What Happens to Money Left in a Custodial Account That Was Never Spent?
A custodial account was opened years ago with a specific purpose in mind, maybe a first car, a school expense, or just a general head start, and now the child is getting older with a balance that never quite got spent. It’s a fair question whether that money has to go somewhere in particular, or whether it just sits.
The short answer
Money in a custodial account doesn’t have to be spent on anything specific before the beneficiary reaches the age of majority in their state, which is typically 18 or 21 depending on the account type and state rules. Once that age is reached, the entire balance becomes the young adult’s outright legal property, to use, save, or invest however they choose, with no requirement tied to how or why the account was originally funded.

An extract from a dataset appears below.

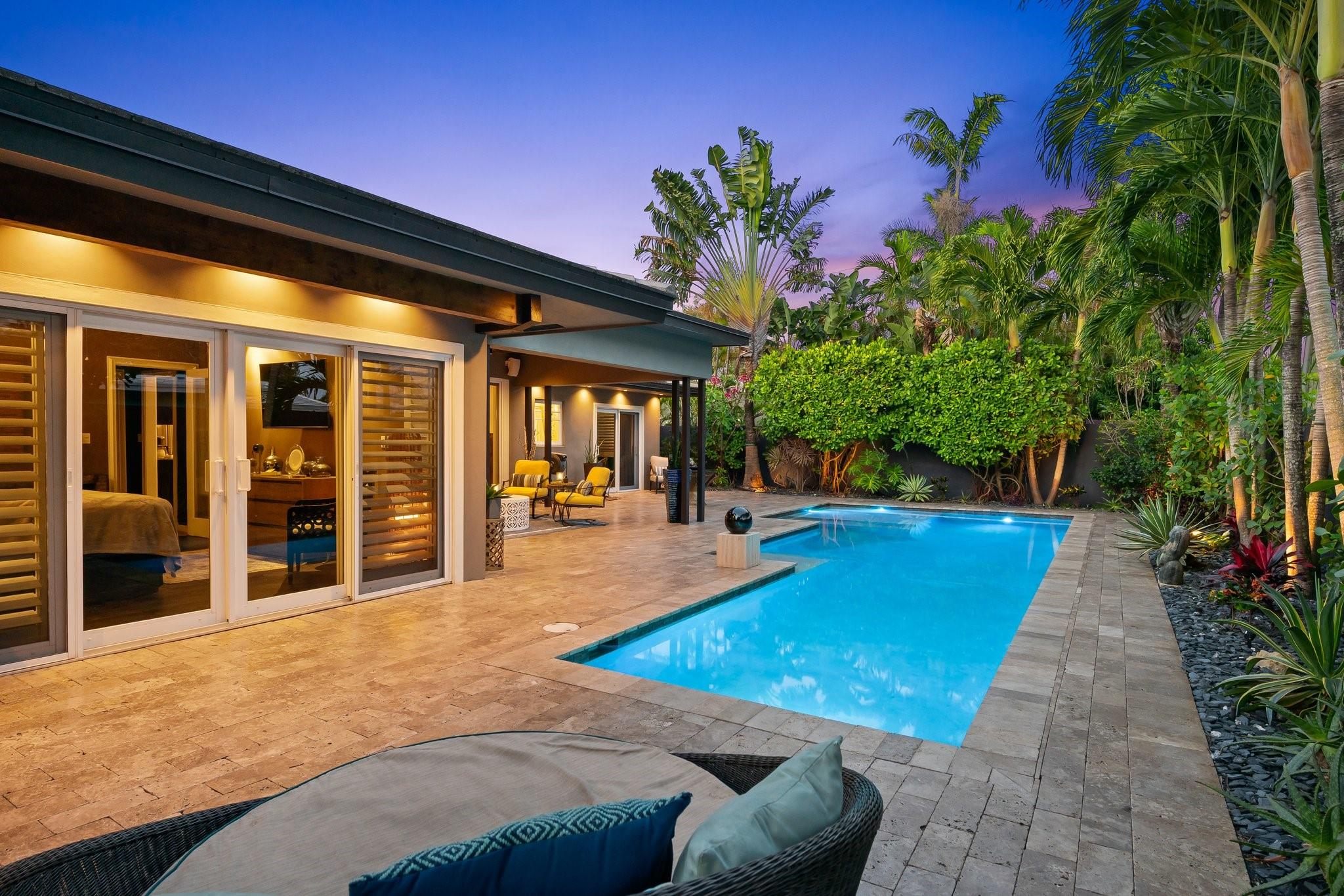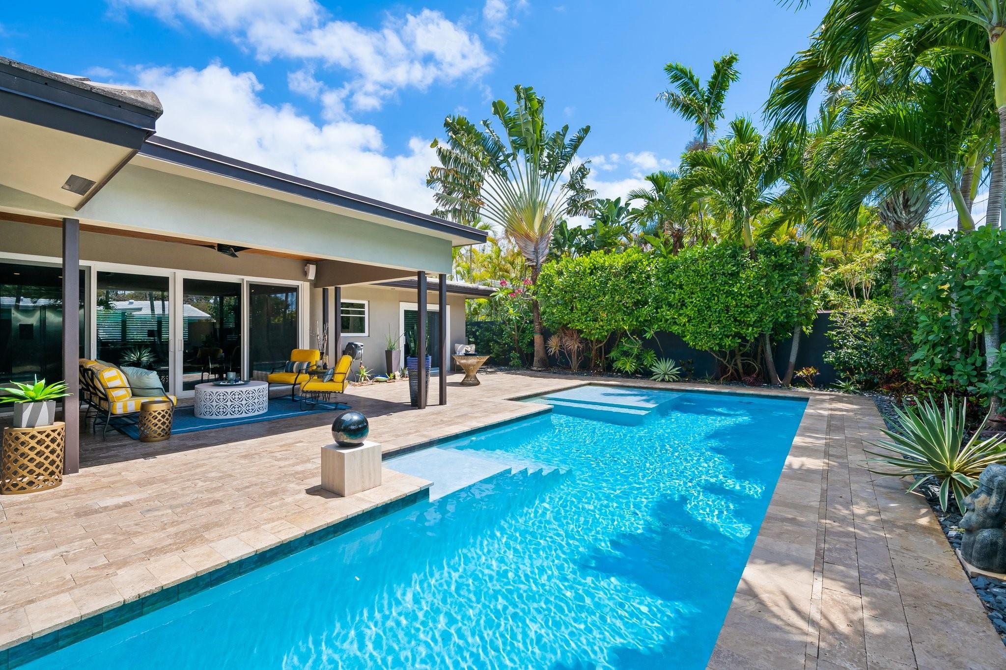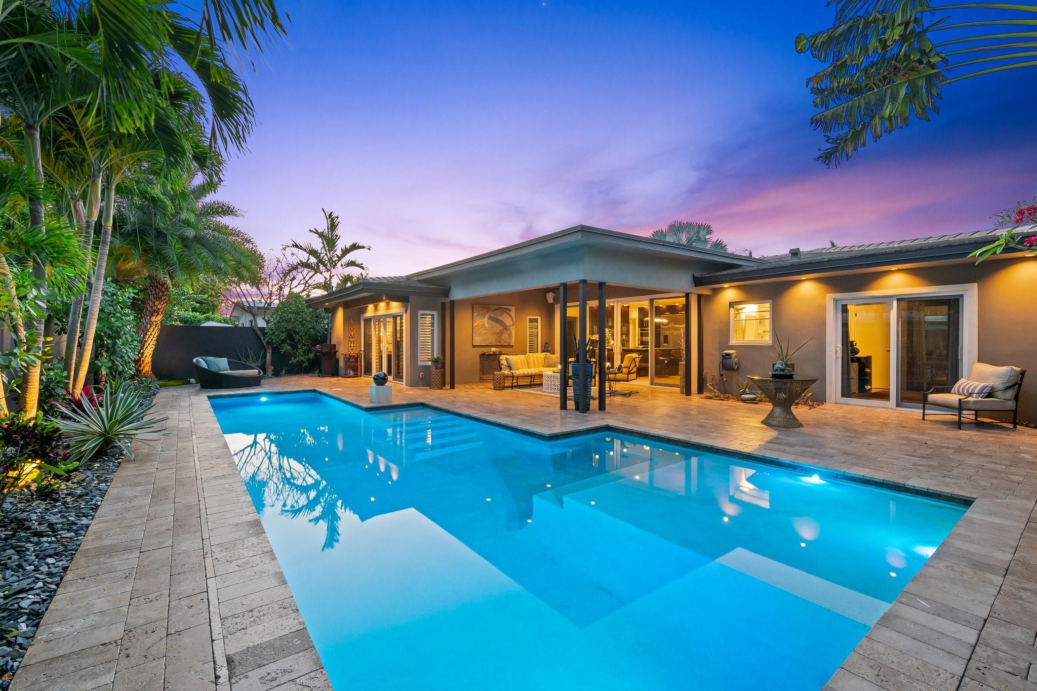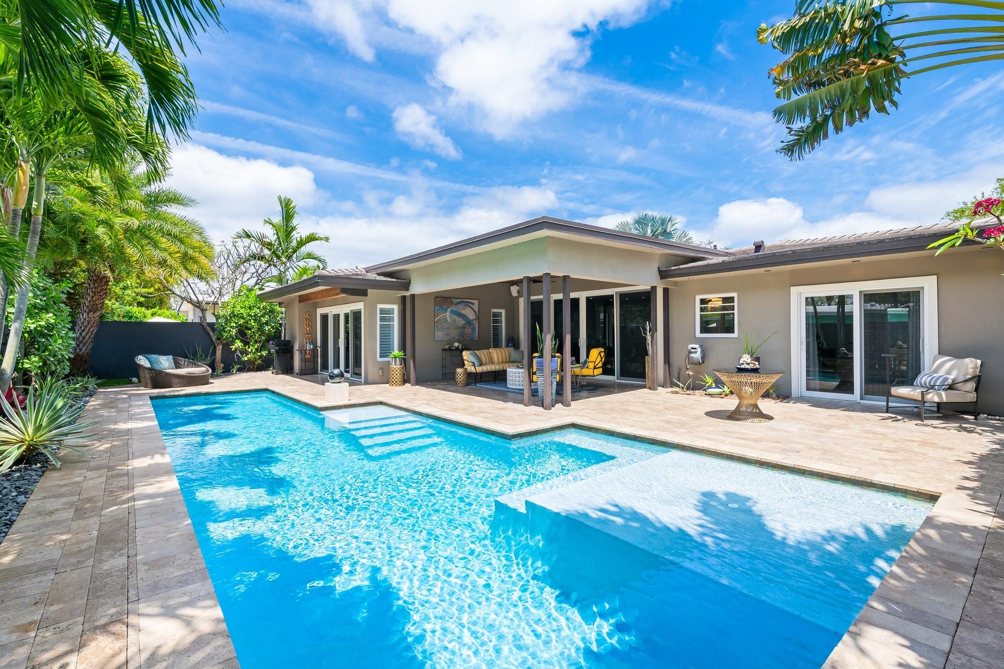 Step into a world of contemporary elegance and tropical charm. With 4 bedrooms & 3 baths, an oversize resort like pool, this meticulously designed home features a vaulted ceiling and abundant natural light, creating an airy, inviting atmosphere. The gourmet kitchen, with its sleek cabinetry and high-end appliances, is a culinary enthusiast's delight. Unwind in the luxurious living spaces, adorned with chic furnishings and artistic touches, spa-like bathrooms, including a stunning glass-enclosed shower with a tropical view, offer a daily retreat. The generously sized bedrooms provide peaceful havens for relaxation. With its perfect blend of style and comfort, this home isn't just a place to live—it's a lifestyle upgrade that reflects your aspirations and success. Minutes to beach & shopping

Why there’s no “use it or lose it” rule
Custodial accounts, whether structured under the relevant uniform gifts or transfers to minors laws, are built around the idea that the funds legally belong to the minor from the moment they’re deposited, even though a custodian manages them until the transfer age. The custodian is required to use the funds for the benefit of the minor while acting in that role, but there’s no rule forcing a distribution or a purchase before the handoff date. An unused balance is entirely normal and doesn’t create any kind of compliance problem for the custodian.
What happens at the transfer age
- Full control shifts to the beneficiary. Once the account transfers, the now-adult owns the account outright and can withdraw, invest, or spend it without needing anyone’s approval.
- The custodian’s authority ends. The adult who managed the account, often a parent, no longer has any legal say over how the funds are used once the transfer occurs.
- Nothing requires liquidation. Investments held inside the account, if any, don’t have to be sold off; they simply change ownership on the books.
- The money is treated as any other personal asset. From that point forward, it can factor into financial aid calculations, credit decisions, or gains being reported for tax purposes the same way any other personally owned account would.
Considerations before that day arrives
Because custodial accounts become unrestricted at transfer, some families weigh them against a 529 plan, which keeps funds earmarked for education-related expenses and offers different tax treatment, or consider how a taxable brokerage account compares to a 529 for flexibility. A custodial account’s balance can also affect financial aid eligibility differently than parent-owned assets do, since it’s counted as the student’s own asset on forms like the FAFSA, which weighs student assets more heavily than parental ones.
What to weigh
An unused balance in a custodial account isn’t a problem to solve before a deadline. It simply carries forward until the beneficiary reaches the applicable age, at which point it becomes theirs to use exactly as they see fit, with no accounting owed to whoever managed it along the way. The lack of a spending requirement is part of how these accounts are designed to work, not a gap or an oversight.